> **To do**
A verbatim repetition of the data below is requested, without images.

> **Information supplied**
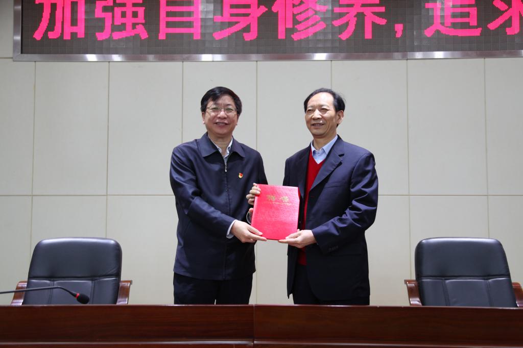 4月14上午,学校在云塘校区一办九楼会议室举行仪式,聘请湖南省核工业地质局原党组书记、局长陈书山担任客座教授。党委书记付宏渊为陈书山颁发聘书。聘任仪式由党委副书记邹宏如主持。党委组织部长齐路良、文法学院部分教师、处级干部培训班学员等100余人参加了仪式。
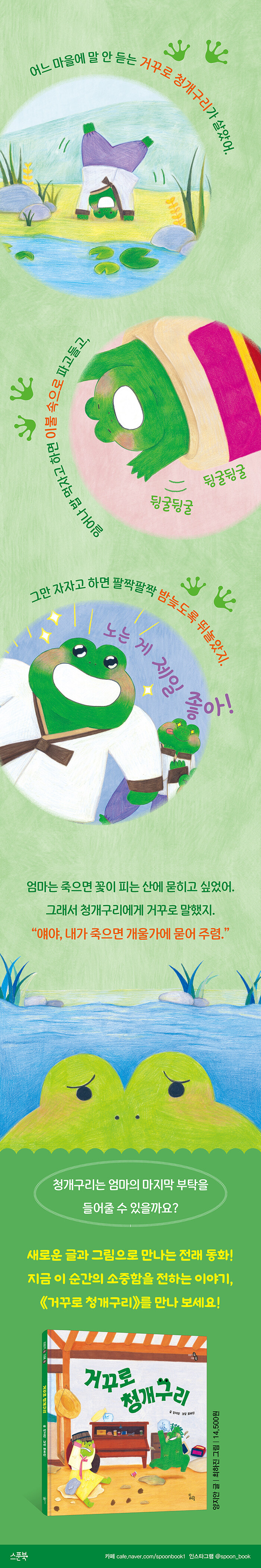 : 전래 동화로 만나는 후회와 반성의 이야기옛이야기 그림책은 이제 막 글을 떼고 책을 읽기 시작하는 어린이들이 만나는 첫 이야기가 되곤 합니다. 영유아 어린이들에게 첫 번째 책 읽기가 긍정적일 수 있도록 도와주어요. 스푼북의 브랜드 ‘하루놀’의 옛이야기 그림책 시리즈 〈이야기 속 지혜 쏙〉에서 전래 동화 ‘청개구리 이야기’를 바탕으로 한 그림책 《거꾸로 청개구리》를 새롭게 선보입니다.
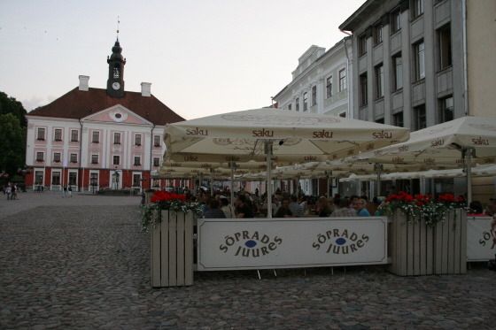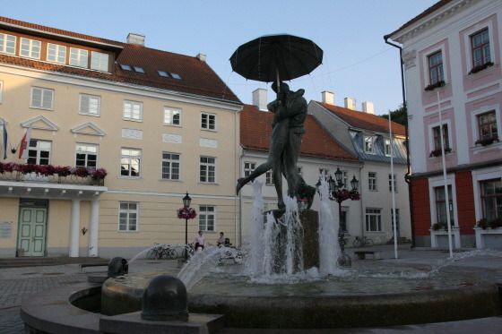 이 시청 광장에는 우산 아래 입맞춤하는 대학생 한 쌍이 있다. 타르투의 인기 조각 작품이다.

> **Answer box**
 4月14上午,学校在云塘校区一办九楼会议室举行仪式,聘请湖南省核工业地质局原党组书记、局长陈书山担任客座教授。党委书记付宏渊为陈书山颁发聘书。聘任仪式由党委副书记邹宏如主持。党委组织部长齐路良、文法学院部分教师、处级干部培训班学员等100余人参加了仪式。
 : 전래 동화로 만나는 후회와 반성의 이야기옛이야기 그림책은 이제 막 글을 떼고 책을 읽기 시작하는 어린이들이 만나는 첫 이야기가 되곤 합니다. 영유아 어린이들에게 첫 번째 책 읽기가 긍정적일 수 있도록 도와주어요. 스푼북의 브랜드 ‘하루놀’의 옛이야기 그림책 시리즈 〈이야기 속 지혜 쏙〉에서 전래 동화 ‘청개구리 이야기’를 바탕으로 한 그림책 《거꾸로 청개구리》를 새롭게 선보입니다.
 이 시청 광장에는 우산 아래 입맞춤하는 대학생 한 쌍이 있다. 타르투의 인기 조각 작품이다.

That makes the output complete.